Получи случайную криптовалюту за регистрацию!

Спросили: - Насколько глубок раскол в среде современных отече | Здравые смыслы

Спросили:

- Насколько глубок раскол в среде современных отечественных писателей, и когда, при каких условиях он может быть предолён?

Ответил:

- Современная ситуация – продолжение давнего процесса, затрагивающего далеко не одну литературу — размежевания в среде русской интеллигенции. Общности, которую в марксистских терминах «класса» определить невозможно.

Вот вам две цитаты:

«Интеллигенция не есть социальный класс… — писал Николай Бердяев. — Интеллигенция была идеалистическим классом, классом людей, целиком увлеченных идеями и готовых во имя своих идей на тюрьму, не каторгу, на казнь».

Современный социолог Ольга Степанова так говорит о функционале «идеалистического класса»:

«Интеллигенция в России появилась как итог социально-религиозных исканий, как протест против ослабления связи видимой реальности с идеальным миром, который для части людей ощущался как ничуть не меньшая реальность. Она стремилась во что бы то ни стало избежать полного втягивания страны в зону абсолютного господства «золотого тельца», ведущего к отказу от духовных приоритетов».

Я, разумеется, очень условно и схематично, в применении к современной русской литературе, вижу ситуацию раскола так: именно патриотическое направление, на протяжении трех десятков последних лет, сохраняло традиции русской интеллигенции с ее подвижничеством, самопожертвованием и аскезой, в то время как писатели либерального крыла, на излете перестройки отошли от исторически сформировавшегося идеала и фактически возглавили общность, противостоящую интеллигенции в России — мещанство. Неудивительно, что вторая модель оказалась жизнеспособнее в чисто физиологическом, но никак не в идейном и политическом смысле.

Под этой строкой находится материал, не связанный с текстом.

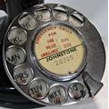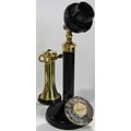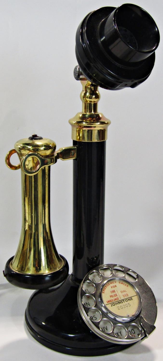 A vintage Bakelite candlestick telephone with brass receiver, re-wired for contemporary use, 32cm high.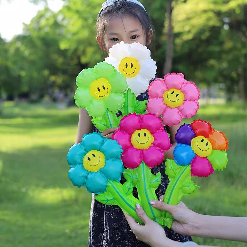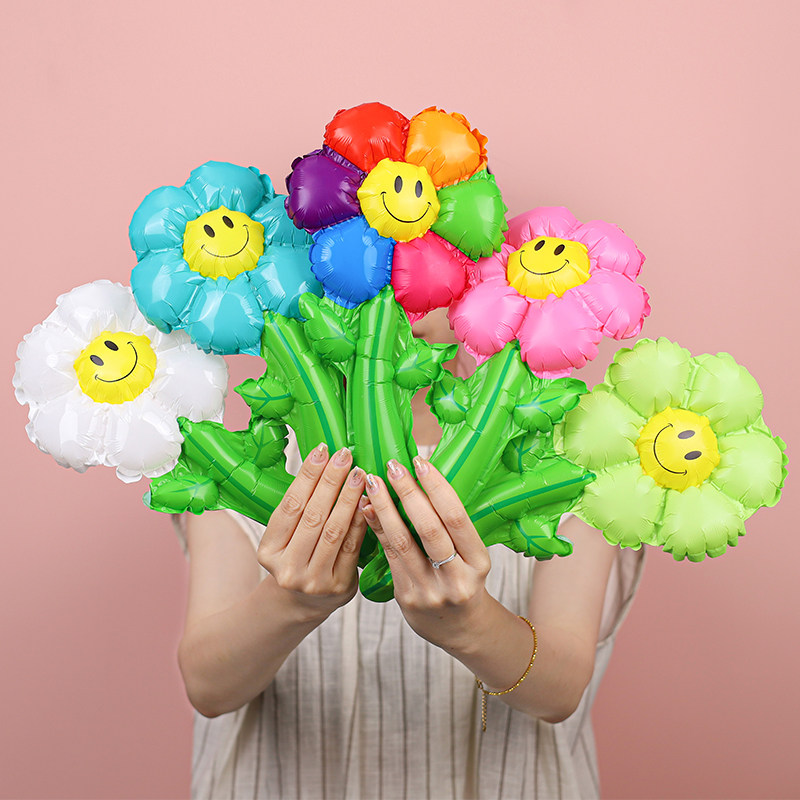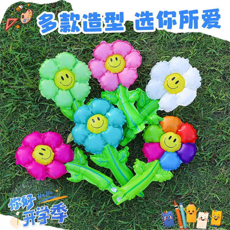 开学季仪式感气球装饰小礼品彩色笑脸雏菊手持气球幼儿园奖励品

Тем не менее, преодоление раскола мне представляется возможным, может, не в коммуникативном, а в историческом плане. Либералы и прогрессисты в лице собственного мозгового центра оказались в эмиграции, и это то ли четвертая, то ли уже пятая ее волна. Между тем, русская эмиграция в плане нематериальном, не постесняюсь даже сказать, духовном – создание особого культурного мифа, набора смыслов и символов. Эдакая гуманитарная лаборатория, которая со временем возвращается в метрополию, обогащая ее культурное поле.

Первая волна, послереволюционная – это белая даже не идея, а романтика, и – иссушающая, но очистительная тоска по родине; советская массовая культура с опозданием, но не без изящества освоила эти патриотические смыслы, еще влиятельнее была тенденция, получившая название «возвращенные имена».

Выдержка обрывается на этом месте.